* [Input records]

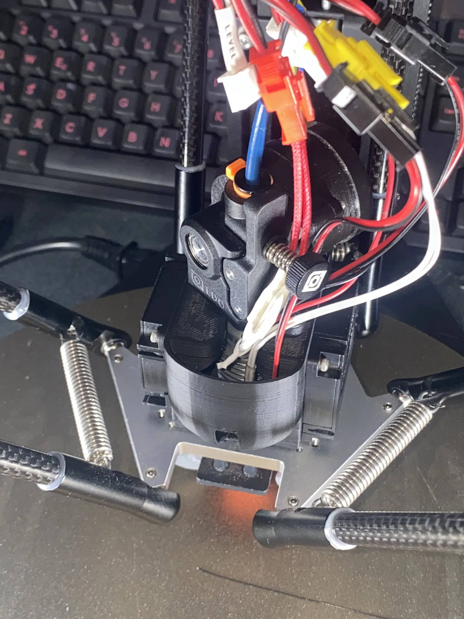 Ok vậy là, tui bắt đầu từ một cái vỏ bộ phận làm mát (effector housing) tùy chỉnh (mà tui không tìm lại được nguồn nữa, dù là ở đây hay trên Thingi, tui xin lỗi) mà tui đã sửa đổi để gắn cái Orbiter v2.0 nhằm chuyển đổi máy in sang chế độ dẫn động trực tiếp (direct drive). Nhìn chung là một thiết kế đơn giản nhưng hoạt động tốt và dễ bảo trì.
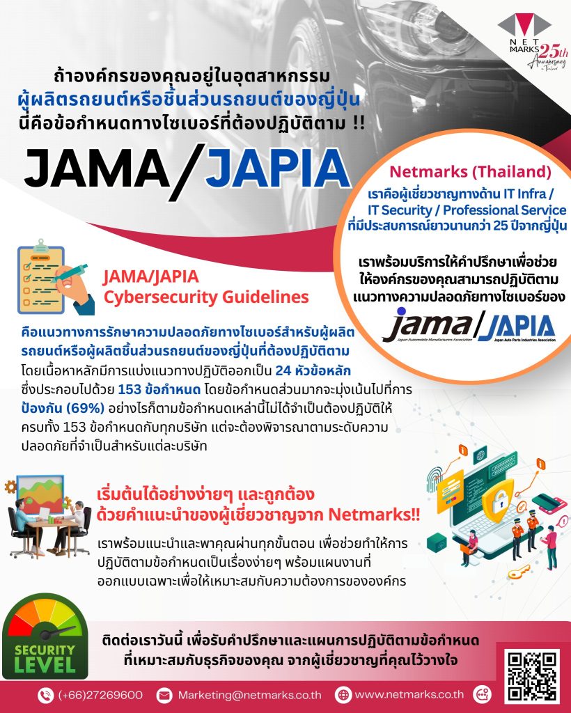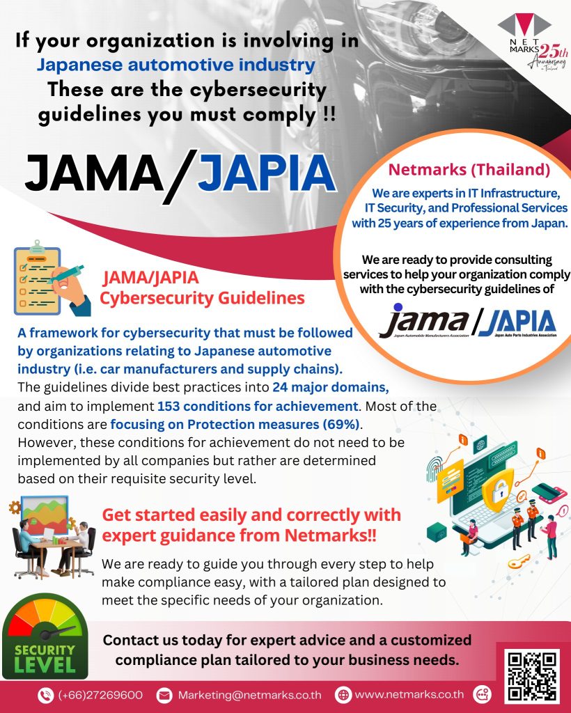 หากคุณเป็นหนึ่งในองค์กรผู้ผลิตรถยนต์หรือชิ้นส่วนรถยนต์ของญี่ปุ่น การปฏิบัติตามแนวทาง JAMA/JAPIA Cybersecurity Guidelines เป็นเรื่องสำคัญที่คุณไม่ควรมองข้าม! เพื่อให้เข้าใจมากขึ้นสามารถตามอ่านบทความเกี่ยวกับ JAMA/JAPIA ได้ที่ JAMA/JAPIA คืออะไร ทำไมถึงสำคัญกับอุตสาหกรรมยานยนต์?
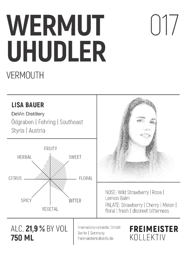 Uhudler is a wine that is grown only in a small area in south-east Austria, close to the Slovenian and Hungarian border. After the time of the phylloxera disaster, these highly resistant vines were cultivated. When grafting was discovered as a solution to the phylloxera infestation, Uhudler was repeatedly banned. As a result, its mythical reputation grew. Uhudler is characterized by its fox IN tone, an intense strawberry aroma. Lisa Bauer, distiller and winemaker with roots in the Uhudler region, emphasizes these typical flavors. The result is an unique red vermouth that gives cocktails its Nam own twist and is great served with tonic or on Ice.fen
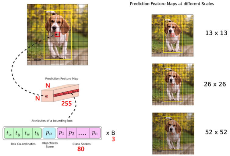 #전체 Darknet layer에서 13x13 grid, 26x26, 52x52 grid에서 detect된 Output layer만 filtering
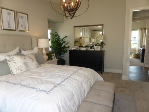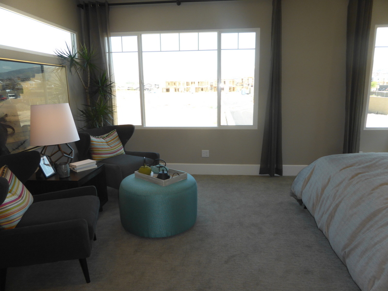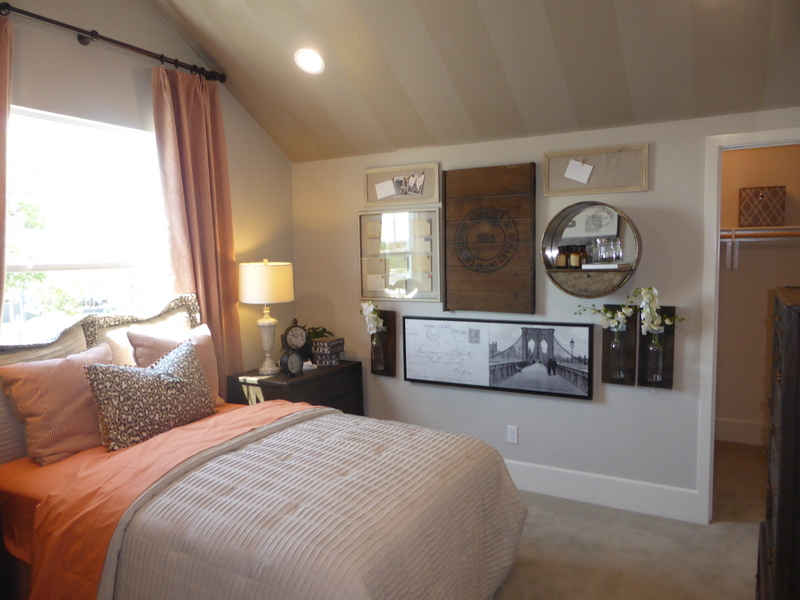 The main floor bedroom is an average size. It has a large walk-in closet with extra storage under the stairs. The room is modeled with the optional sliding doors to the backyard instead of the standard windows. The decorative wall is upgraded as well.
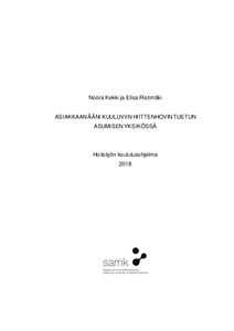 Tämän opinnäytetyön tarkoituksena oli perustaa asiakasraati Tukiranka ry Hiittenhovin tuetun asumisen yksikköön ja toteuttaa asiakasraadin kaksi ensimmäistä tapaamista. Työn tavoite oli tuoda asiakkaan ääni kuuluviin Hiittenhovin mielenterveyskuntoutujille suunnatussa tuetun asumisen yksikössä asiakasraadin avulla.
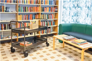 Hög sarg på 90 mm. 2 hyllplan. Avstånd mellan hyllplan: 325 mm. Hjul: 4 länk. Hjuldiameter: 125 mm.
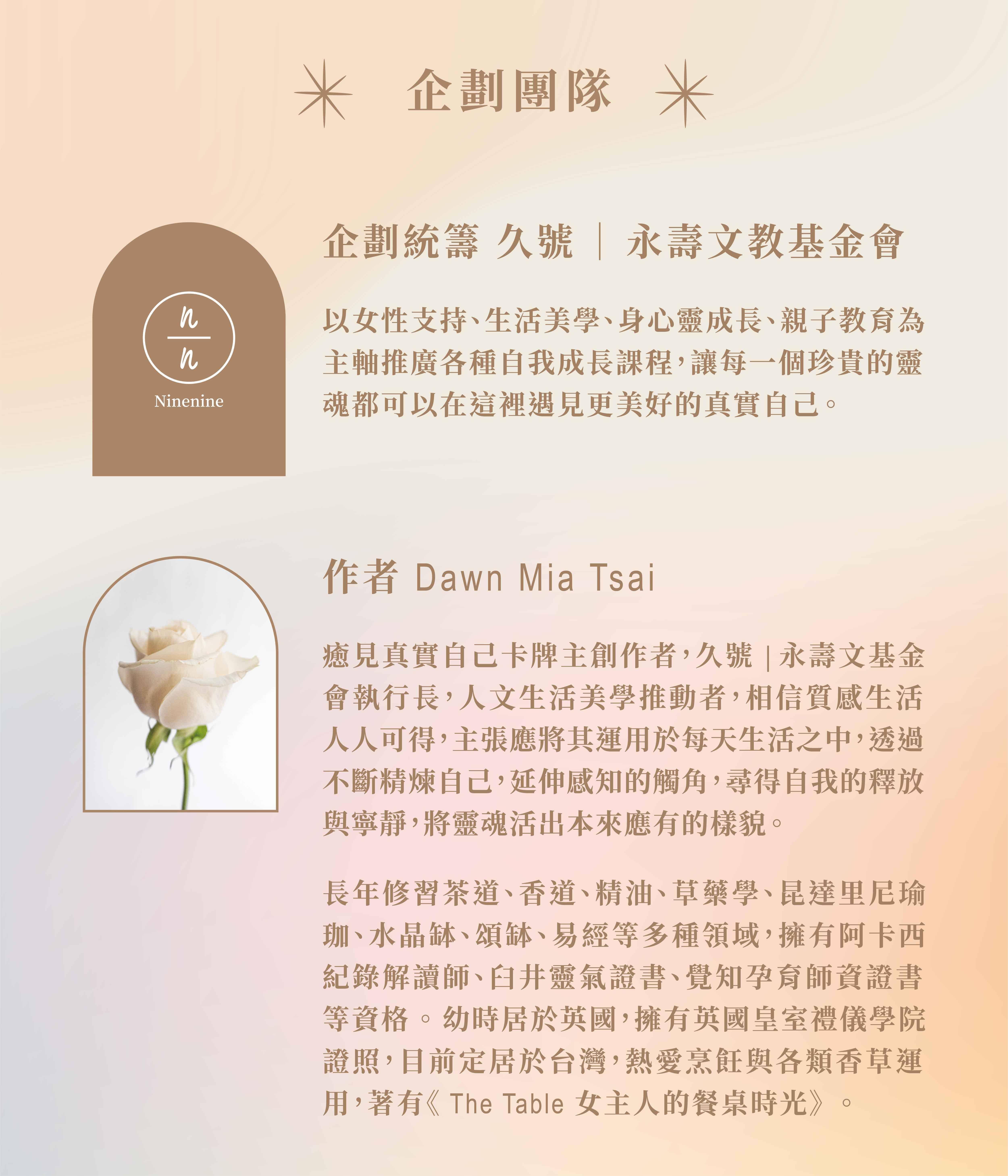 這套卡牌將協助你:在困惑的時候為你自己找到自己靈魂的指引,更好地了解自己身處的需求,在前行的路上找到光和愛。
--
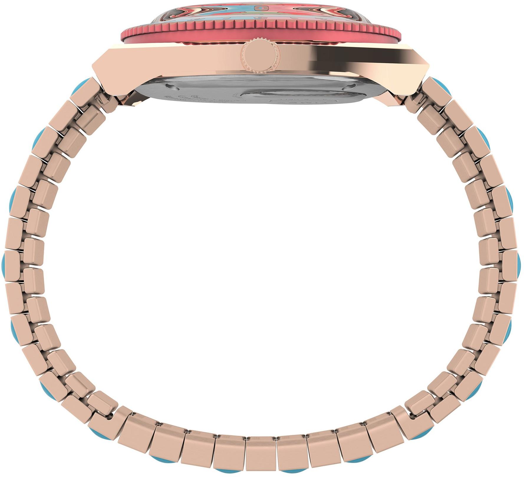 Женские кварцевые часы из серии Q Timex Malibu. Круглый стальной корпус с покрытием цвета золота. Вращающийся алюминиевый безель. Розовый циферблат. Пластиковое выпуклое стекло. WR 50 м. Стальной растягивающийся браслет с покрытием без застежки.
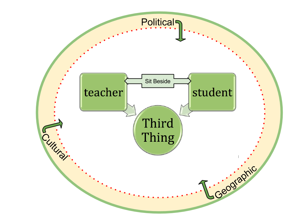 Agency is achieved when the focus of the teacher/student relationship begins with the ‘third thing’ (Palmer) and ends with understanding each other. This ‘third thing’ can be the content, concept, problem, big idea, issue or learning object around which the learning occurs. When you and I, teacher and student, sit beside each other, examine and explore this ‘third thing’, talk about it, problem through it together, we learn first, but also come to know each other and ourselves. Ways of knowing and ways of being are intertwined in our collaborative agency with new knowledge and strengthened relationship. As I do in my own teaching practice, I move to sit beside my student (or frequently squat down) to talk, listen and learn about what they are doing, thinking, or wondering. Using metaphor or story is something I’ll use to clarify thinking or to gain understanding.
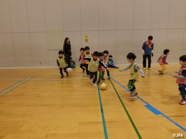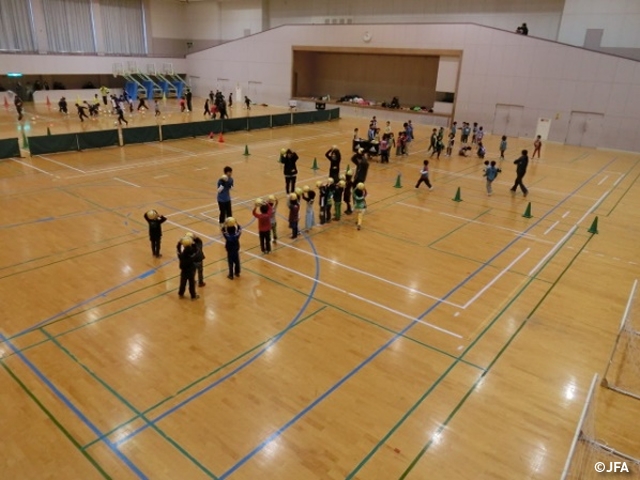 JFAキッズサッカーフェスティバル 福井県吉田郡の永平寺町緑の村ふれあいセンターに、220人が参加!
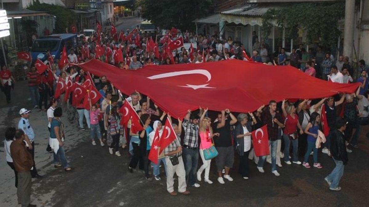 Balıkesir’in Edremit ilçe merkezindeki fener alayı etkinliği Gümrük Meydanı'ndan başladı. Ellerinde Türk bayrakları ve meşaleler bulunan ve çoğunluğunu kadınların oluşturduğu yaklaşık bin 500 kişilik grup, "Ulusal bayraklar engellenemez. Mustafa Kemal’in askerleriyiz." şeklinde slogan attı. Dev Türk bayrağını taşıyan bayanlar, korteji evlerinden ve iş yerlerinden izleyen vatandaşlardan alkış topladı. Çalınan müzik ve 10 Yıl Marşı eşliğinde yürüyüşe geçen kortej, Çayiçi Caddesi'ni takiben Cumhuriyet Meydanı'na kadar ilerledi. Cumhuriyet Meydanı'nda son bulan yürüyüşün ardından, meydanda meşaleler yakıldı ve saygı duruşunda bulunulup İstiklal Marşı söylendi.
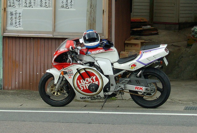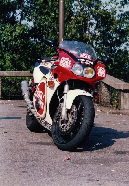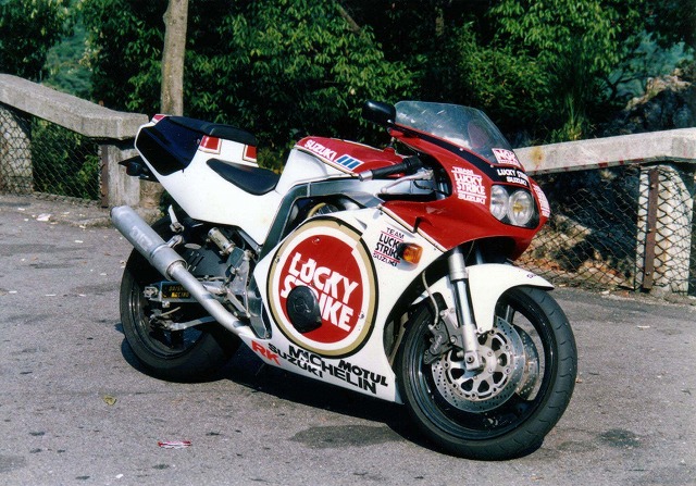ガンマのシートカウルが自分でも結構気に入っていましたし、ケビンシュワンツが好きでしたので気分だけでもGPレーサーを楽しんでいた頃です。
--
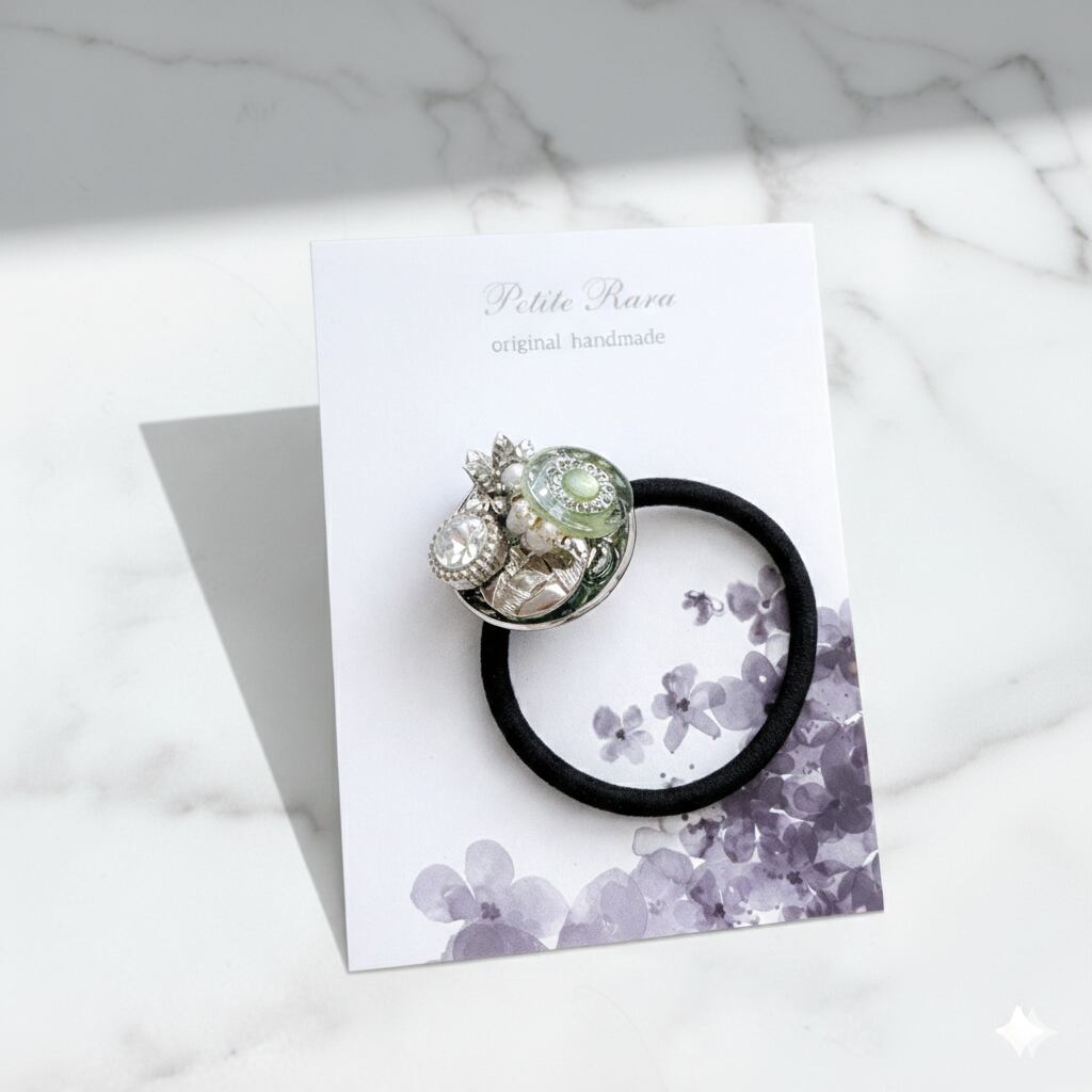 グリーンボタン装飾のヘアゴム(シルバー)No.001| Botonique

* [The task] Since the pictures are not part of the copy, please transcribe only the lines above from the one with "Agency is achieved" through the one with "JFAキッズサッカーフェステ", exactly and with both ends.

* [Result for this task]
 Agency is achieved when the focus of the teacher/student relationship begins with the ‘third thing’ (Palmer) and ends with understanding each other. This ‘third thing’ can be the content, concept, problem, big idea, issue or learning object around which the learning occurs. When you and I, teacher and student, sit beside each other, examine and explore this ‘third thing’, talk about it, problem through it together, we learn first, but also come to know each other and ourselves. Ways of knowing and ways of being are intertwined in our collaborative agency with new knowledge and strengthened relationship. As I do in my own teaching practice, I move to sit beside my student (or frequently squat down) to talk, listen and learn about what they are doing, thinking, or wondering. Using metaphor or story is something I’ll use to clarify thinking or to gain understanding.
 JFAキッズサッカーフェスティバル 福井県吉田郡の永平寺町緑の村ふれあいセンターに、220人が参加!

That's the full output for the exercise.